Impartiality and Equilibrium Theme

      Since Anand has excellent grasp over the psychology of both the caste Hindus and the untouchables, his portrayal of their intercourse and relationship is impartial and equipoised. He does neither overstate or exaggerate the injustice and cruelty perpetrated on the untouchable nor does deride and censure all caste Hindus for being callous and unscrupulous. His caste Hindu characters are not all tyrant nor all his untouchables praiseworthy and commendable, Pandit Kali Nath, a hypocritical character stands in full contrast of Habildar Char at Singh who is a generous caste Hindu and he has transcended himself beyond the limits of caste prejudices. He is cordial, amicable and generous to Bakha. So Bakha feels, “I wouldn’t mind being a sweeper all my life. I would do anything for him.” Again in contrast to the belligerent and garrulous outcaste woman, Gulabo, who hurls invectives on Sohini for her being silent, stands a generous and benevolent caste Hindu women who hands a chapati to Bakha, adding politely; “My child, you should not sit on people’s doorstep like this.” Among the untouchables too, indiscreet, idle and filthy characters like Lakha and Bakha do not evoke our compassion as Bakha does.

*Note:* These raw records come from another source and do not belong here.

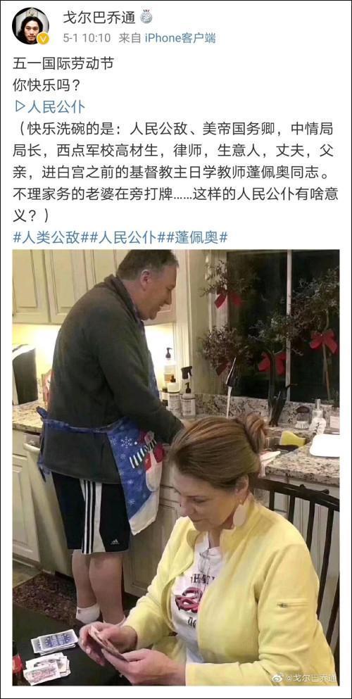 原來(lái)啊,五一勞動(dòng)節(jié)當(dāng)天,一位微博網(wǎng)友又翻出了蓬佩奧去年圣誕節(jié)休假期間在家下廚的照片,然后陰陽(yáng)怪氣了一番。
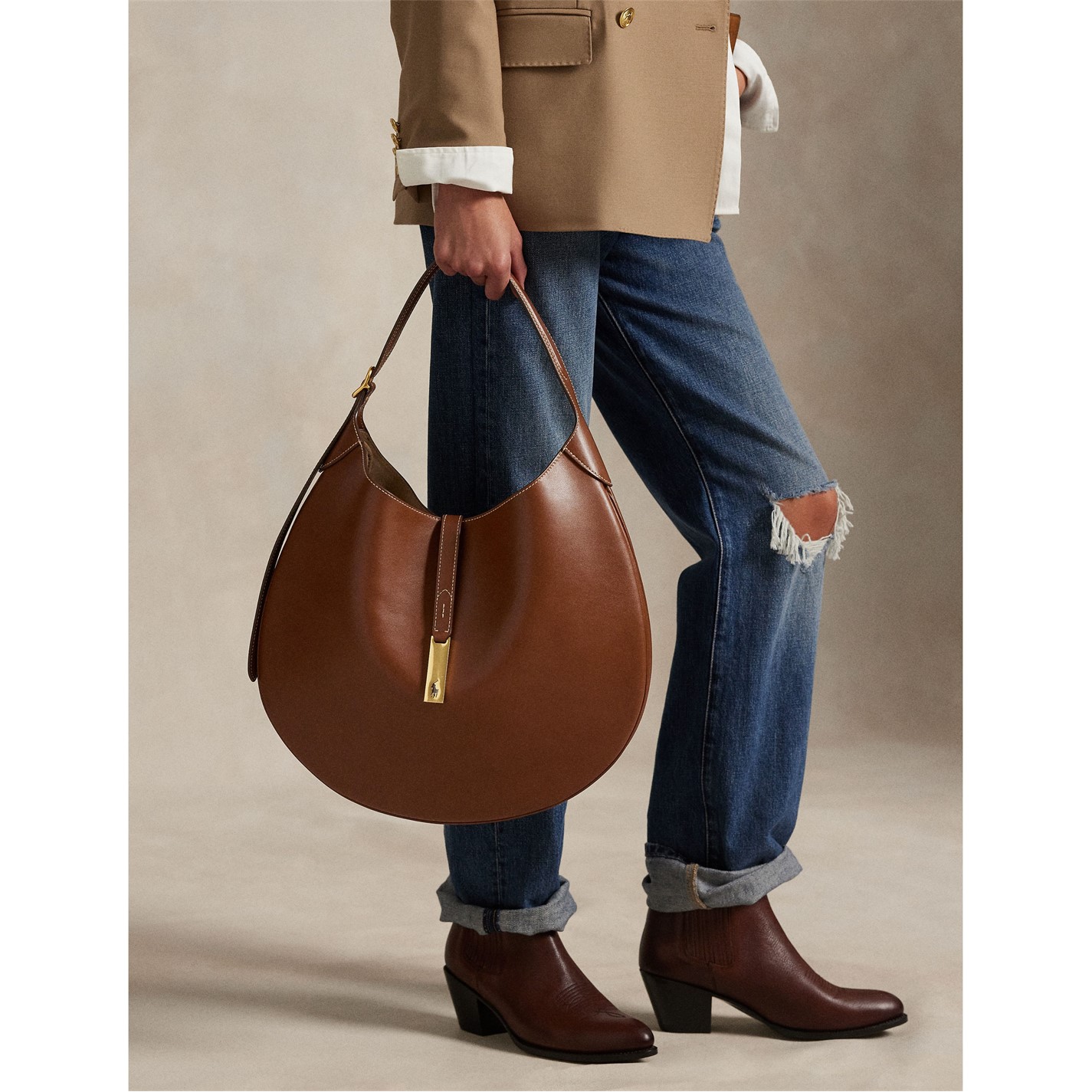 The gold-tone hardware adds a touch of opulence, while the classic colours and signature pony detailing reflect Polo Ralph Lauren's iconic aesthetic. Whether attending a business meeting or enjoying a leisurely brunch, the Polo Ralph Lauren Shoulder Bag is the ideal companion, effortlessly completing your ensemble with a touch of luxury.
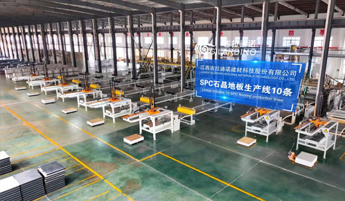 江西吉拉迪諾建材科技股份有限公司,占地面積近300畝,建筑面積13萬多平方米,總投資5億元,擁有20余條生產線,員工近300人。現有SPC石晶地板生產線十條、德國豪邁開槽線兩條、大型商用卷材生產線四條、水墨彩印生產線兩條、同透地板生產線兩條,超大型運動地板生產線一條、是彈性地板行業產能量大,硬件實力強的生產廠商之一。
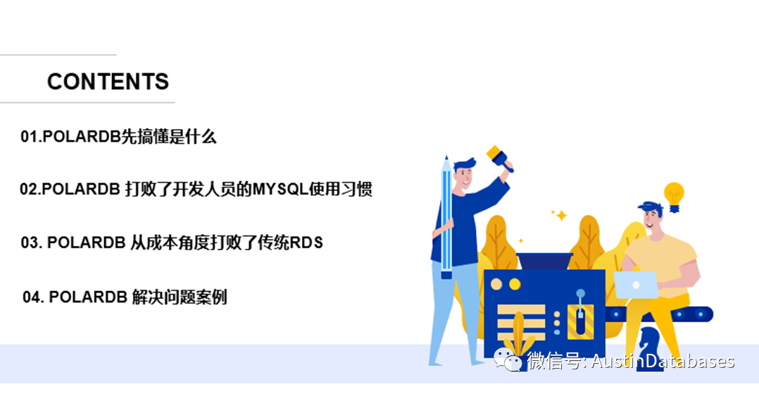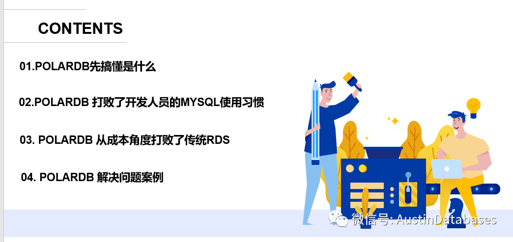 在开始今天的分享我们先需要了解今天主要的分享的内容,主要分为4个部分,分别为 POLARDB 是什么,POLARDB 怎么改变了开发人员对于使用数据库的习惯,POALRDB 从成本的角度征服了谁 以及POALRDB 实际的使用中的解决问题的案例。

Anand’s Greatness as a Novelist

      Anand has successfully distinguished himself in portraying the motif of untouchability in Untouchable. And eminence has been universally accepted as he introduced the real picture of Hindu tradition—with all its merits and demerits to the rest of the world. E.M. Forster presents a glowing tribute to Anand’s greatness in the Preface of Untouchable. E.M. Forster acknowledges his merits as he portrays the untouchables in their surroundings. ‘The sweeper is worse off than a slave, for the slave may change his master and his duties and may even become free, but the sweeper is bound forever, born into a state from which he cannot escape and where he is excluded from social intercourse and the consolations of his religion. Unclean himself pollutes others when he touches them. They have to purify themselves and to rearrange their plan for the day Thus he is a disquieting as well as a disgusting object to the orthodox as he walks along the public roads, and it is his duty to call out and warn them that he is coming. No wonder that the dirt enters into his soul, and that he feels himself at moments to be what he is supposed to be. It is sometimes said that he is so degraded that he doesn’t mind, but this is not the opinion of those who have studied his case, nor is it born out by my own slight testimony.’ Forster himself perceive a change in the attitude of the untouchables. He remarks, “I remember on my visits to India noticing that the sweepers were more sensitive-looking and more presentable than other servants, and I knew one of the them who had some skill as a poet.”